10:1 cache hit ratio implied Not stated, probably wrong With 1-hour TTL, hit rate is high. With realistic 5-min TTL it drops to ~3:1 in active sessions. Either way, no measured number is quoted.
Personalize candidate top-100 + Neptune top-100 → ~150 deduped Reasonable Roughly 50/100 overlap is typical for related-item retrieval; 150 final candidates is in the right ballpark.
Re-rank weights α, β, γ, δ per scenario No tuning data Where do these weights come from? If they're set by hand based on intuition, the system has not been optimized — it's been guessed. A bandit or offline eval pipeline should drive these.
Cold-start onboarding prompt Right approach, conversion risk Asking new users "what do you like?" adds friction. Some will bounce. There's no quoted conversion-rate impact. The right answer for a real product is to A/B-test friction-vs-quality; the doc just asserts the choice.
Graph refresh nightly Stale signal during the day New manga reviews, purchases, and trending events all happen during the day. A graph that updates nightly misses 24h of signal. For a "currently hot manga" use case, this is borderline; for "what's similar," it's fine.
Trending list TTL 5 min Realistic Trending is precomputed from Kinesis aggregations. 5-min freshness is achievable and adequate for the use case.
Personalize for 10M users Cost not discussed Personalize charges per training hour and per inference. At 10M users with daily training, this is a real cost line; the architecture doc doesn't quote it.

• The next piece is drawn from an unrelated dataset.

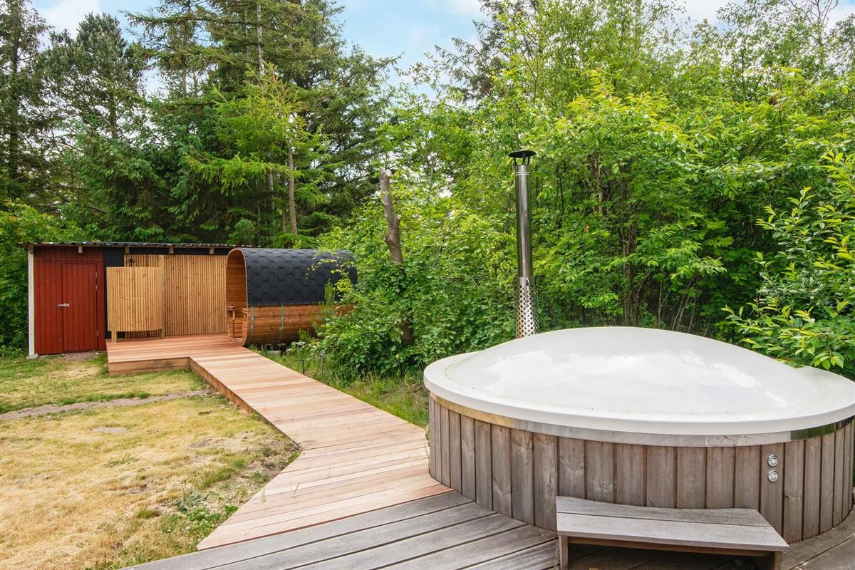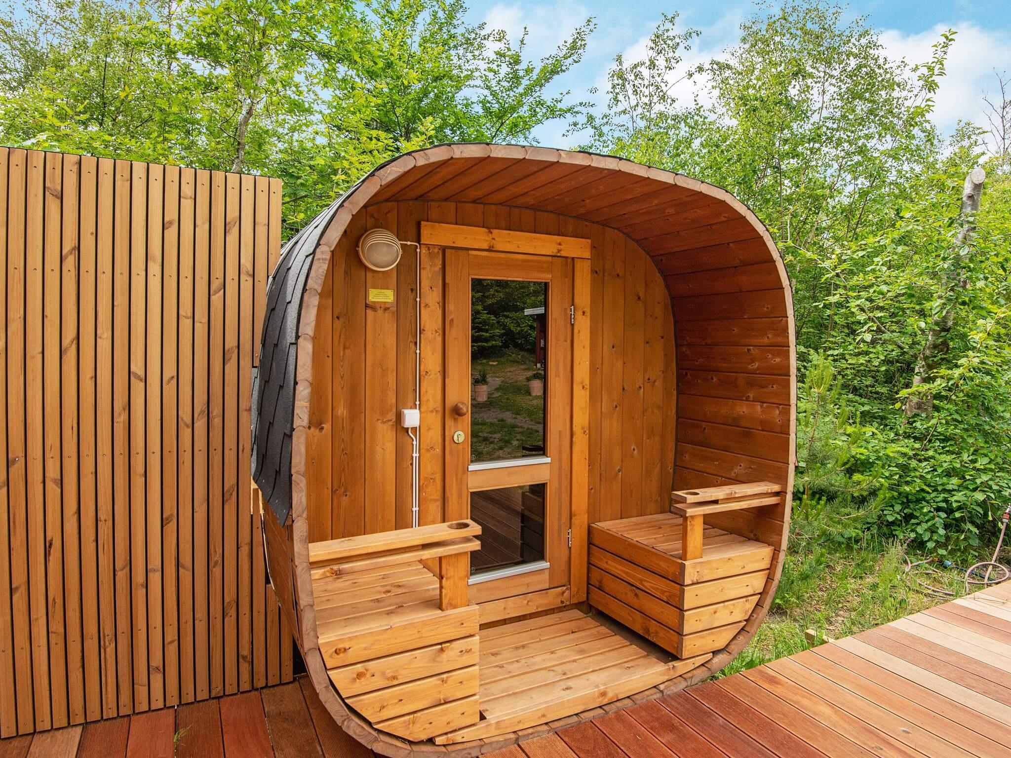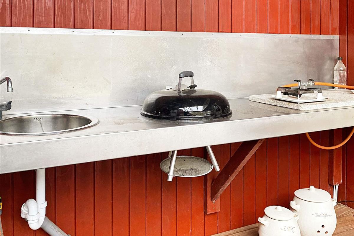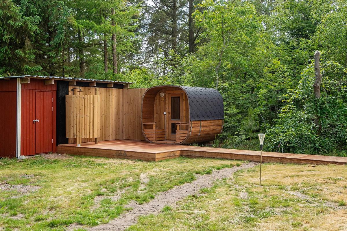 Im schön geschützten Außenbereich finden Sie nicht nur den Außen-Whirlpool. Wildnisbad und die Saunatonne für erholsame Stunden, sondern auch die praktische Außendusche sowie eine Außenküche mit integriertem Kugelgrill. Im Schuppen gibt es einen Gefrierschrank.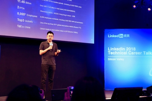 金風(fēng)科技代表在領(lǐng)英海外人才招聘活動(dòng)上進(jìn)行宣講。人民網(wǎng) 張潔嫻 攝

The biggest issue: 1-hour reco cache is wrong for shopping

The reco cache TTL was chosen, presumably, to absorb load. But shopping is fundamentally about signal acquisition — the user clicks one thing and reveals their intent for that session. A reco system that keeps showing the same recommendations after the user clicks on horror three times has failed at its job.

Two options:

  1. Drop TTL to 5 minutes. Simple. Loses some load-absorption.
  2. Event-driven invalidation. Every update_preference call invalidates the user's reco cache. More work but correctly modeled.

Option 2 is the right one. The current 1-hour TTL only makes sense if recommendations are computed per-day and don't react to in-session behavior, which is closer to email recs than chatbot recs.

The pipeline is sequential where it claims to be parallel

The doc says Personalize and Neptune candidate generation run in parallel. True. But re-ranking depends on both completing, and feature enrichment depends on the deduped candidate set. The end-to-end pipeline is therefore:

max(Personalize, Neptune) → Enrichment → Rerank
       ↑ parallel here       ↑ sequential   ↑ sequential

That's correctly modeled in the latency budget (470ms P50). The "parallel pipeline" framing earlier in the doc oversells it: only one stage is parallel.

Cold-start friction has no measured cost

"Tell us what you like" is the right answer in theory. In practice, every onboarding step has a measurable bounce rate, and recommendation systems often perform okay even on bare cold start using regional/demographic priors. The doc presents the friction as obviously correct without an A/B-test reference. This is a design hypothesis, not a validated choice.

Weight tuning has no closed loop

α, β, γ, δ per intent profile are stated but their values aren't given, and there's no mention of how they're learned or refreshed. A real recommendation system either: - Learns weights via offline regression on engagement data - Tunes via online bandit on live traffic

The current architecture has neither described. The weights are hand-tuned constants. This should be an explicit roadmap item, not buried.